Молодой человек был в нерешительности.
— Ты совершенно похожа на мою жену, — сказал Цетег. — Прения, как ты, постоянно убеждена, что я устал, или голоден, или не выспался; молодость не должна знать ни усталости, ни голода!.. эх, молодые силы!.. не на то даны они нам богами, чтобы, валяясь или сидя, беречь их, как скряги золото. Фульвия, разве твой Курий весело провел нынешний вечер? я убежден, что он проскучал!
— Да, Цетег; у меня есть, кроме скуки в доме Афрания, повод к грусти.
— Тс! — сказал Марк, дернув друга за рукав.
— Вероятно, предчувствие, как у-моей Прении, ха, ха, ха!..
— Курий, — сказал Марк, — если ты пойдешь к актрисам, то и я пойду; я сам хотел бы эту ночь провести с тобой вместе… не разлучаясь… всю ночь до зари.
— Кай Курий, — жалобно возразила Фульвия, — не покидай меня!
— Сцилла и Харибда! — вскричал Курий, ударив себя по лбу, — Марк, пойдем лучше ко мне!
— Друзья, не пойти ли нам под окна Дионисии? — предложил Цетег, — ты, Афраний, очень любишь дразнить ее деда; мы спели бы втроем уморительную пародию на гимн Венере, сочиненный стариком: это его страшно рассердит и забавит его внучку; их дом в двух шагах отсюда. Окно отворится, ты знаешь, как всегда… она появится и скажет своим тонким голоском: — тише, тише! дедушка рассердится. А сама, плутовка, захохочет.
— Цетег, я иду с тобой, — сказал Марк.
— А Курий?
— И я, — сказал молодой человек, не желавший оставлять друга перед разлукой.
— Кай! — простонала Фульвия, — мое сердце говорит мне…
— Мои рабы к твоим услугам и носилки, — сказал Цетег.
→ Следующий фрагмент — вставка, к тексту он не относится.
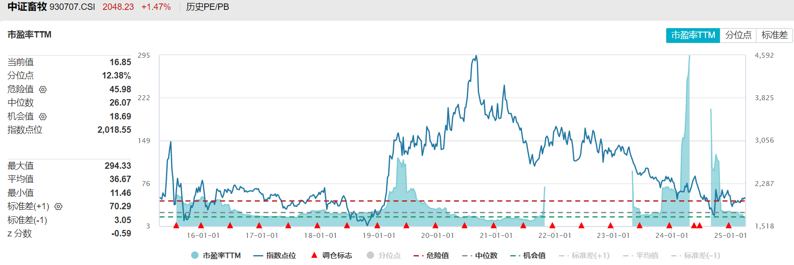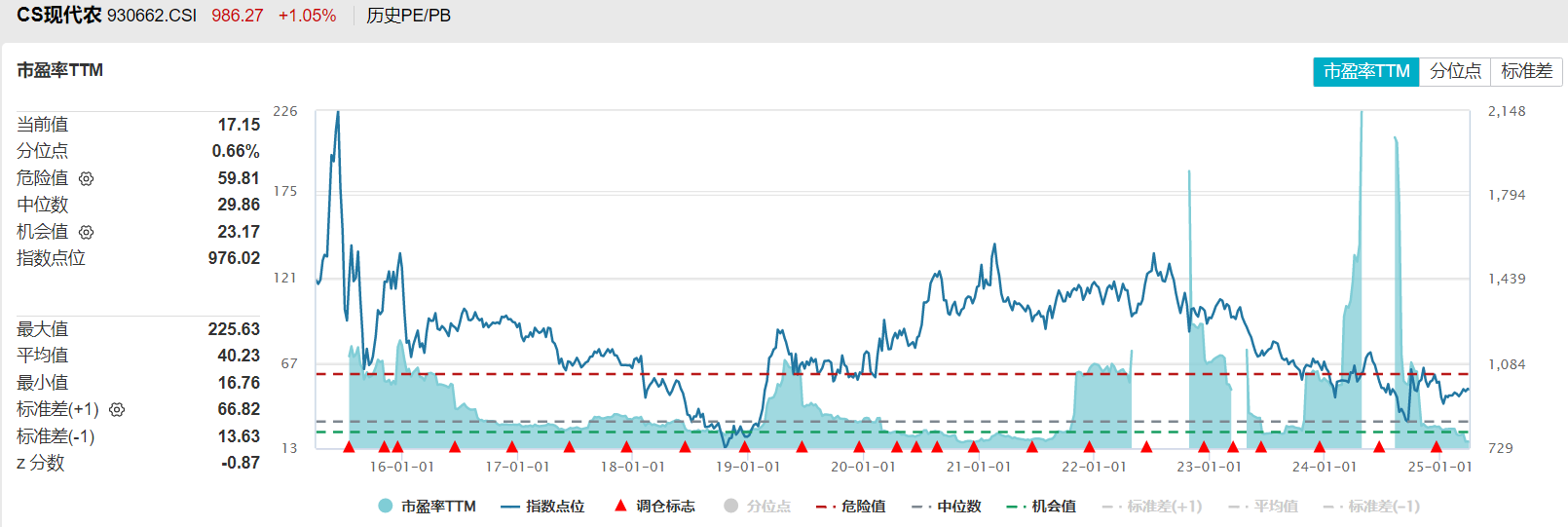 中证现代农业主题指数:目前市盈率TTM处于历史1%的分位,同样处于历史非常低的水平。

— Но ты, Кай, ты не уходи; я не отправлюсь с рабами одна.
— Друзья, — сказал Курий, — я ее провожу и вернусь к вам.
— О, женщины! — комическим тоном воскликнул Цетег, — нечего делать; пойдемте все вместе до дома Курия.
Они пошли, усадивши усталую Фульвию на носилки.
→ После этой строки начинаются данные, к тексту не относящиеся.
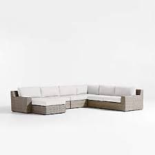 Abaco Resin Wicker 5-Piece Left-Arm Chaise Outdoor Sectional Sofa with White Sand Sunbrella Cushions + Reviews | Crate & Barrel

Цетег, рассказывая о разных шалостях, которые можно учинить перед домом Диона, совершенно завладел обоими юношами, сумевши воспользоваться неожиданным для него присутствием Марка Афрания до такой степени, что этот последний оказался для его плана самым лучшим помощником, облегчив ему исполнение его намерения.
Проводив Фульвию до двери квартиры, Курий ушел, не захотев слушать никаких ее увещаний.
Шалунам удалось спеть комическое трио под окнами старого певца и рассердить его этой пародией на его сочинение, исказив смысл стихов перестановкою слов; им удалось вызвать танцовщицу к окошку и вести длинные разговоры с ней посредством мимики.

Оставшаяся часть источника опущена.